GIVEN DATA:
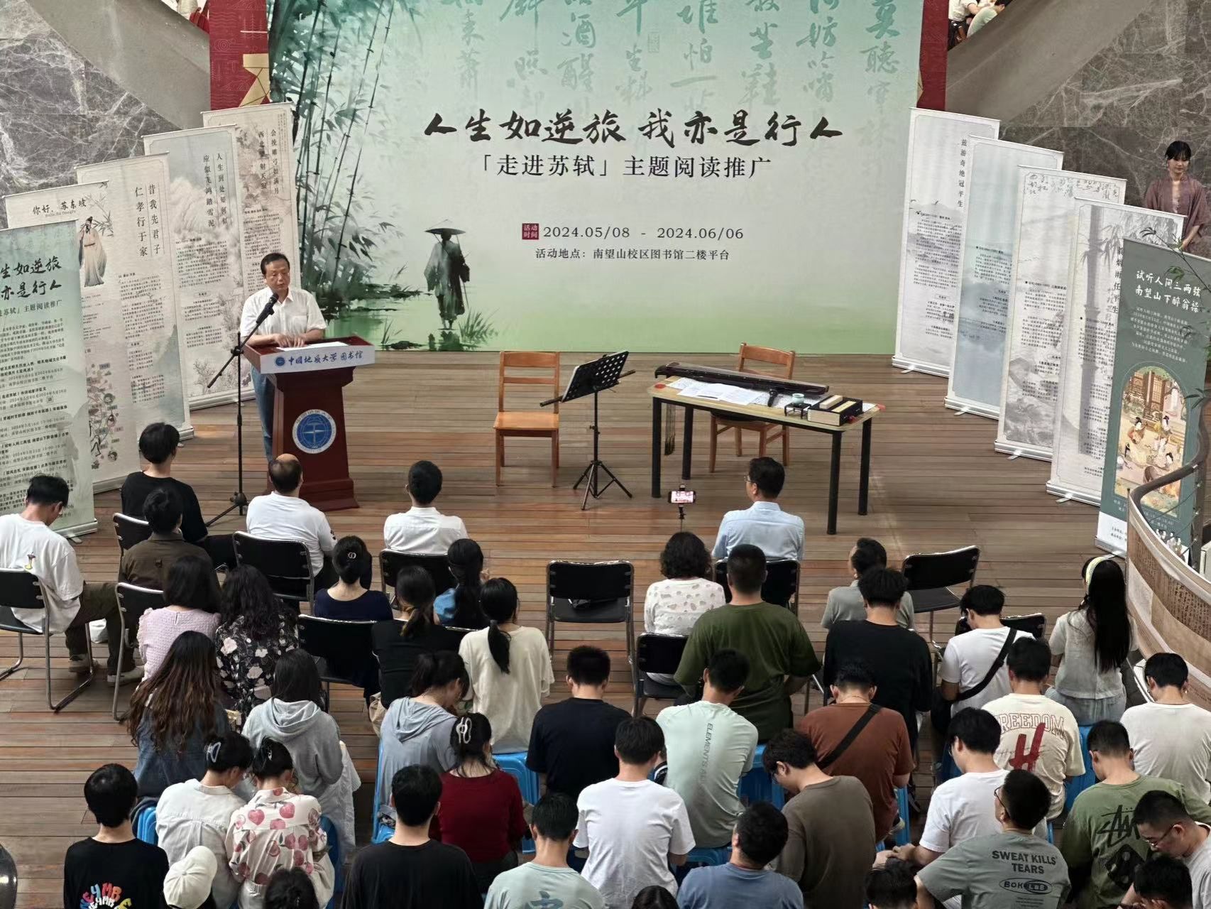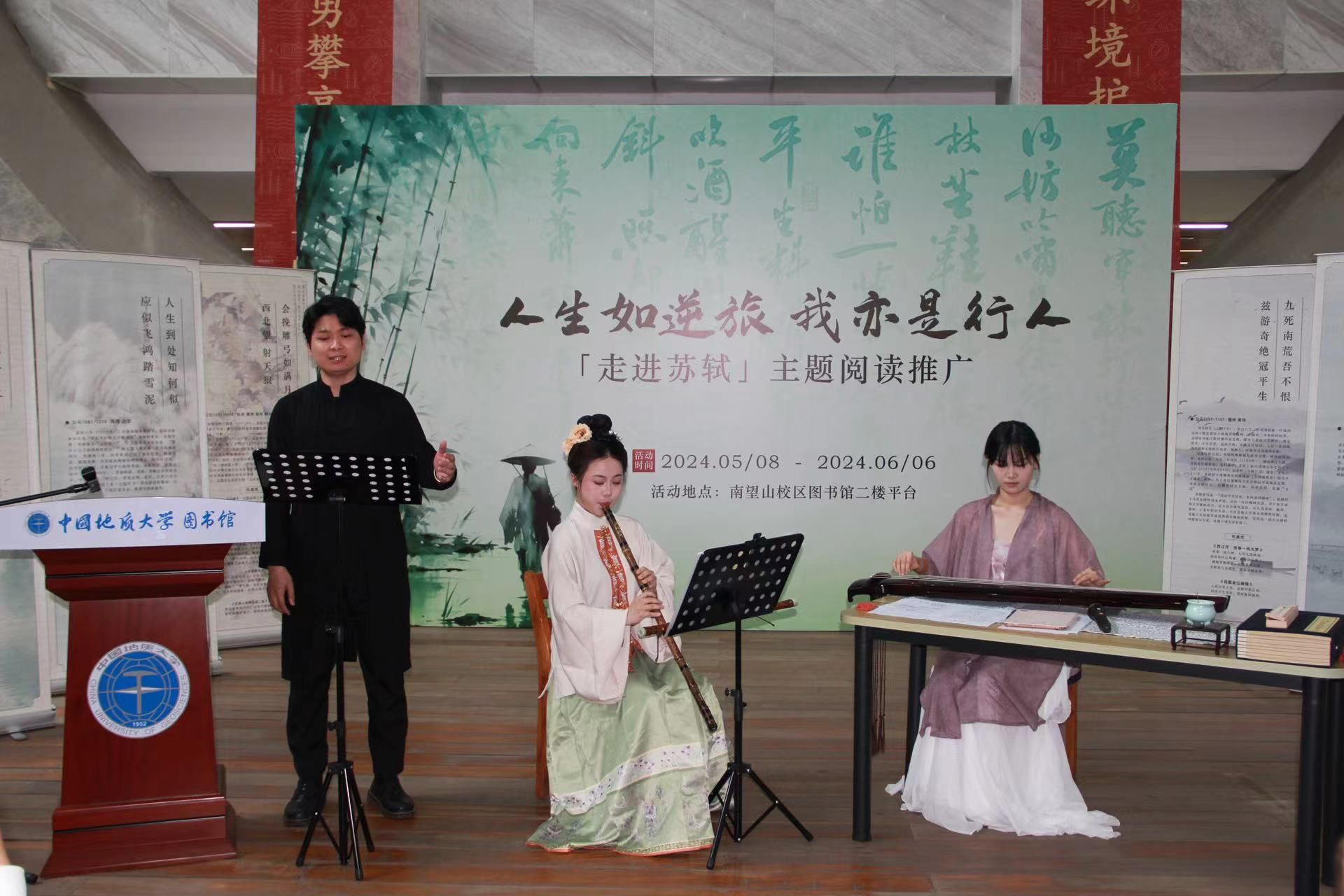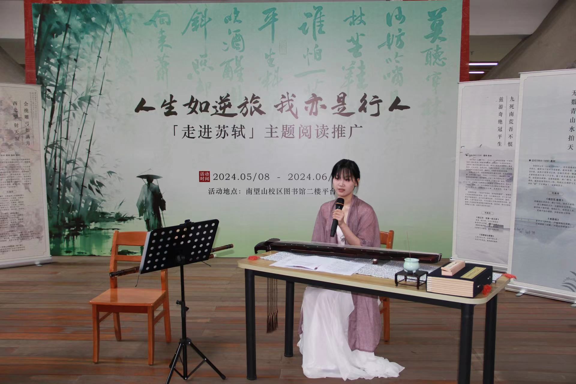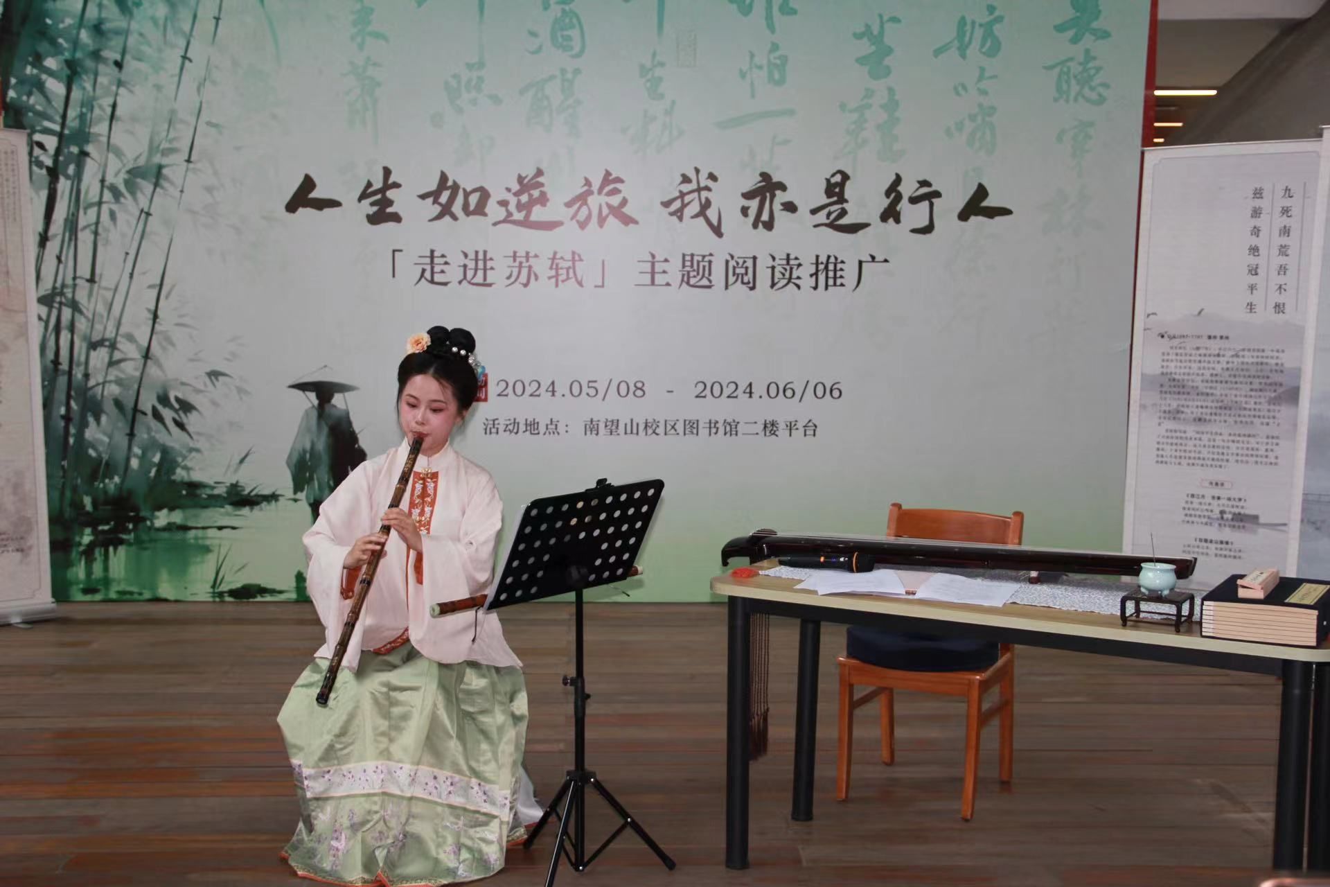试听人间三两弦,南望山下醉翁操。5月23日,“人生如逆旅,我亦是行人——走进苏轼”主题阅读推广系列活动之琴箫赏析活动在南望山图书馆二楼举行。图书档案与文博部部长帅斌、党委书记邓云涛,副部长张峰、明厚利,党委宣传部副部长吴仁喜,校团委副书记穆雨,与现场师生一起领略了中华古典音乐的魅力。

--

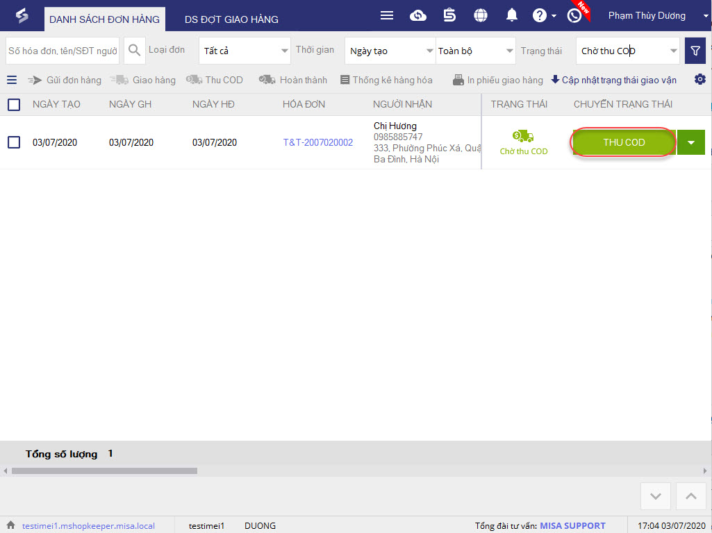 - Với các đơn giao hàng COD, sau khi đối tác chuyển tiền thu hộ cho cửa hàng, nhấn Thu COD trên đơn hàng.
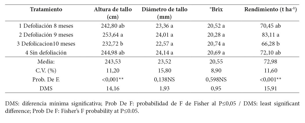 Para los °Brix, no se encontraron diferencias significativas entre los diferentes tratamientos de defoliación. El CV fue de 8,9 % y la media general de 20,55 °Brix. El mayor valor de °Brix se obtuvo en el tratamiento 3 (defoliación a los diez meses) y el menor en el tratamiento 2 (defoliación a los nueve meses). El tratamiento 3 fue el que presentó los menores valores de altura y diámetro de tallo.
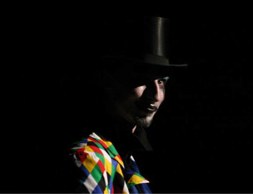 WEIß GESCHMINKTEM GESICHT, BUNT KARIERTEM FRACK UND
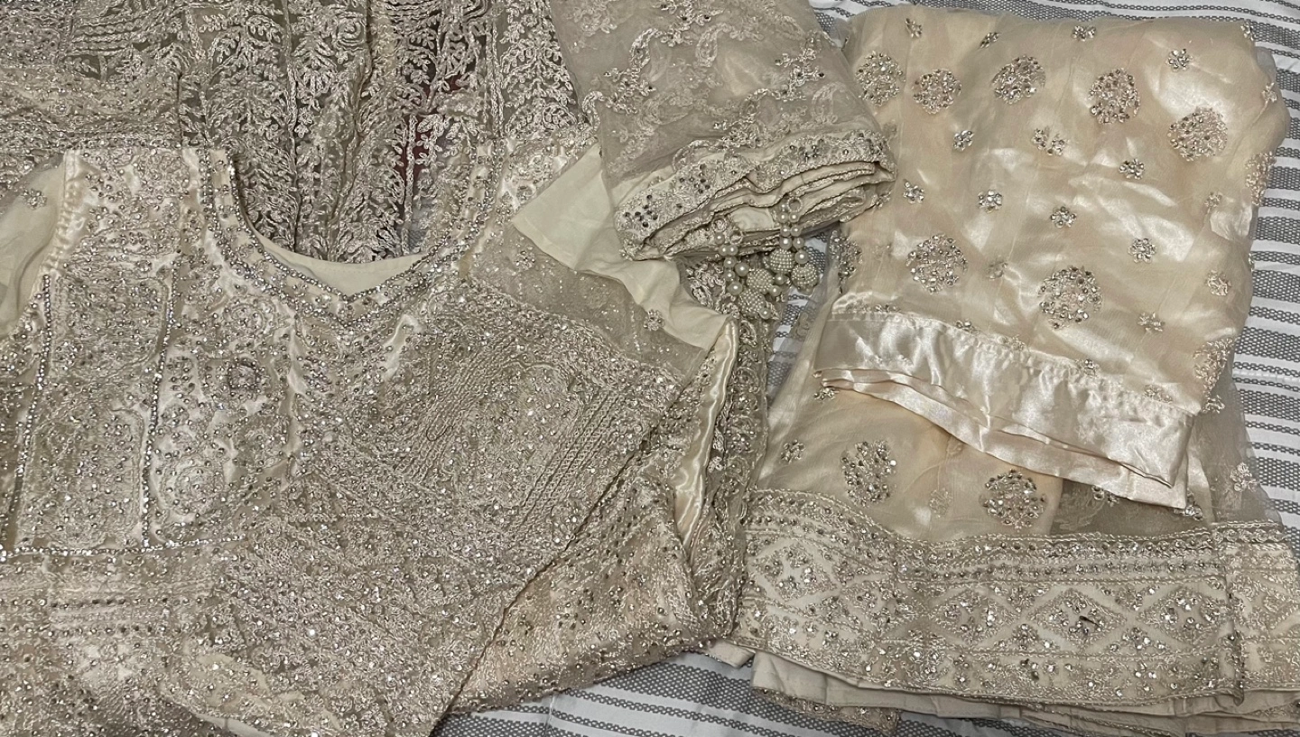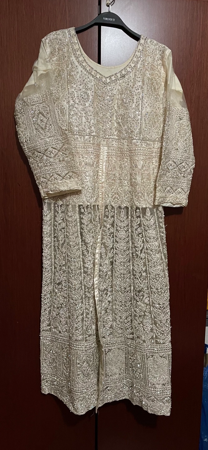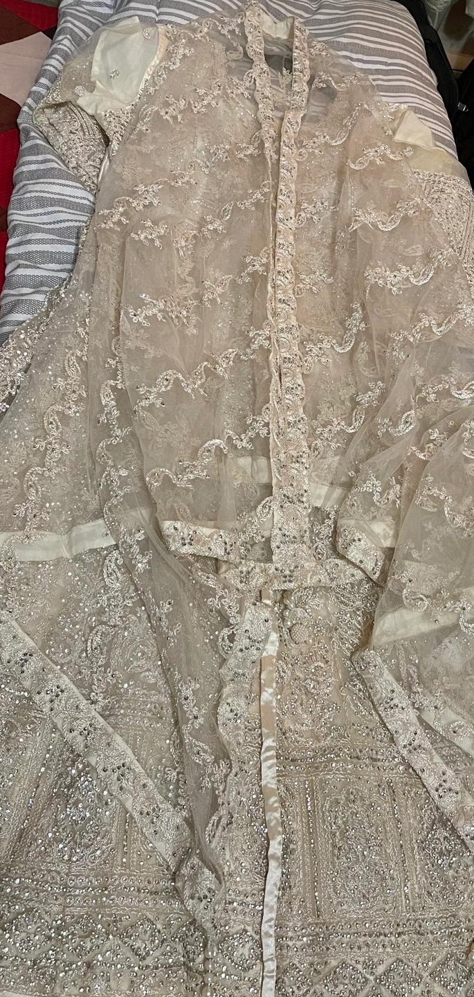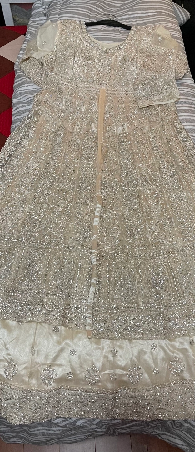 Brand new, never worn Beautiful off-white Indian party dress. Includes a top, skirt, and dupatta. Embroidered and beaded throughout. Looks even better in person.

EXERCISE PROMPT: Reproduce exactly the lines of the data above that run from the line with "Para los °Brix, no" down to the line with "Brand new, never", both ends included. Pictures do not belong in the copy.

ANSWER:
 Para los °Brix, no se encontraron diferencias significativas entre los diferentes tratamientos de defoliación. El CV fue de 8,9 % y la media general de 20,55 °Brix. El mayor valor de °Brix se obtuvo en el tratamiento 3 (defoliación a los diez meses) y el menor en el tratamiento 2 (defoliación a los nueve meses). El tratamiento 3 fue el que presentó los menores valores de altura y diámetro de tallo.
 WEIß GESCHMINKTEM GESICHT, BUNT KARIERTEM FRACK UND
 Brand new, never worn Beautiful off-white Indian party dress. Includes a top, skirt, and dupatta. Embroidered and beaded throughout. Looks even better in person.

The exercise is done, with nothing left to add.